Yes. SAFE continues to assess onboarded assets regardless of their runtime state, as long as the AWS account is regularly synced.

If I set an expiry date for a stack-creation link (e.g., 7th Apr 2021), when will it become inactive?

The link becomes inactive from 12:00 AM on 8th Apr 2021.

What happens if I use the stack-creation link after it has expired?

The stack can still be created using the link, but the associated AWS account will not appear in SAFE.

What if I create another stack in an account that already has one?

  • You can deploy multiple stacks in the same AWS account only if they are linked to different SAFE instances.

  • If you attempt to create another stack for the same SAFE instance, the stack creation will fail.

Resolution:

Delete the previous stack before deploying the new one.

  • Once deleted, the account will no longer be assessed in SAFE until the new stack is deployed.

  • If the next scheduled sync occurs before deploying the new stack, the assessment status will show as Failed.

What happens if I delete an AWS account from SAFE while a sync is in progress?

The ongoing sync will continue in the background, but the results will not be updated in SAFE.

Why is the Add Account button disabled even though I’m logged in as an Admin?

Please contact the SAFE Support Team to enable the Add Account option.

Which IAM role, permissions, and connectivity method does SAFE use?

SAFE uses a CloudFormation stack to create an IAM role with read-only access.

The following AWS-managed policies are applied:

  • AmazonEC2ReadOnlyAccess

  • AWSSecurityHubReadOnlyAccess

The CloudFormation template used is:

SafeSecurityAwsSecurityHubOnboardingStack.template.json

SAFE assumes the IAM role created through this template to generate temporary credentials for accessing AWS Security Hub findings and resources.

Can I use a custom AWS role instead of SAFE’s CloudFormation stack?

No.
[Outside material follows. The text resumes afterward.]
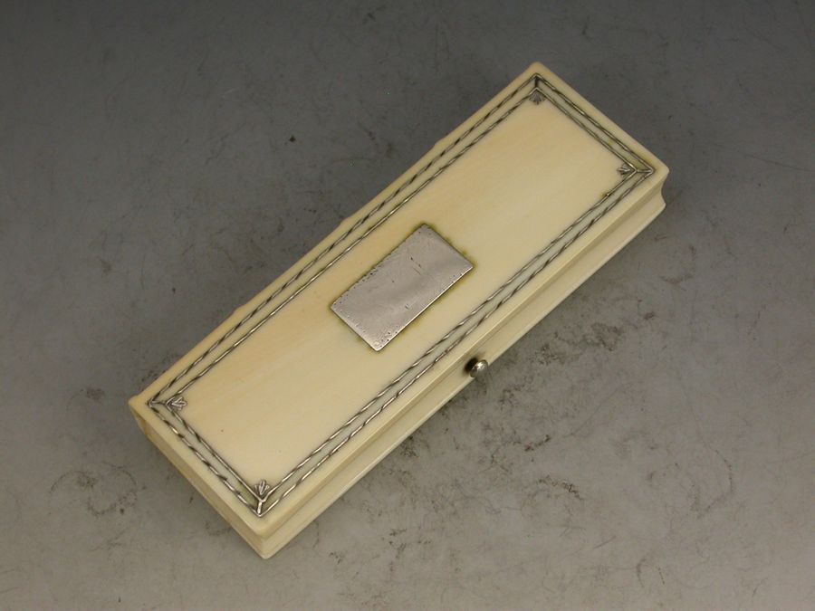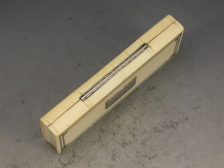 A good Georgian English ivory Toothpick Case made in the form of a book with carved spine to resemble book binding. A double line of silver stringing to the border of the lid and a central rectangular silver plaque. Velvet lined interior with mirror to the lid.

SAFE only supports the IAM role provisioned via its provided CloudFormation template.

Is AWS Security Hub account-level or region-level?

AWS Security Hub is an account-level service, but it must be enabled region by region.

What is Cross-Region Aggregation in AWS Security Hub?

Cross-Region Aggregation allows findings from multiple regions to be aggregated into a single home region.

  • The home region is designated when enabling Cross-Region Aggregation.

  • Security Hub must be enabled in all required regions for aggregation to work.

Do I need Cross-Region Aggregation enabled for SAFE to fetch findings?

No. SAFE’s connector automatically iterates through all regions where Security Hub is enabled.

Findings can be fetched with or without Cross-Region Aggregation.

How do I enable multi-account findings collection in Security Hub from a master account?

To enable multi-account collection:

  • Invite member accounts into AWS Security Hub from the master (administrator) account via the Security Hub CSPM console.

  • Enable Security Hub in the master account across the required regions.

    This ensures findings from both master and member accounts are available in SAFE.

If I onboard a master account into SAFE, which findings and resources are ingested?

  • Master Account: Findings and resources from all regions where Security Hub is enabled.

  • Member Accounts: Findings and resources from all regions where Security Hub is enabled, provided the member accounts have been invited and enabled in Security Hub CSPM.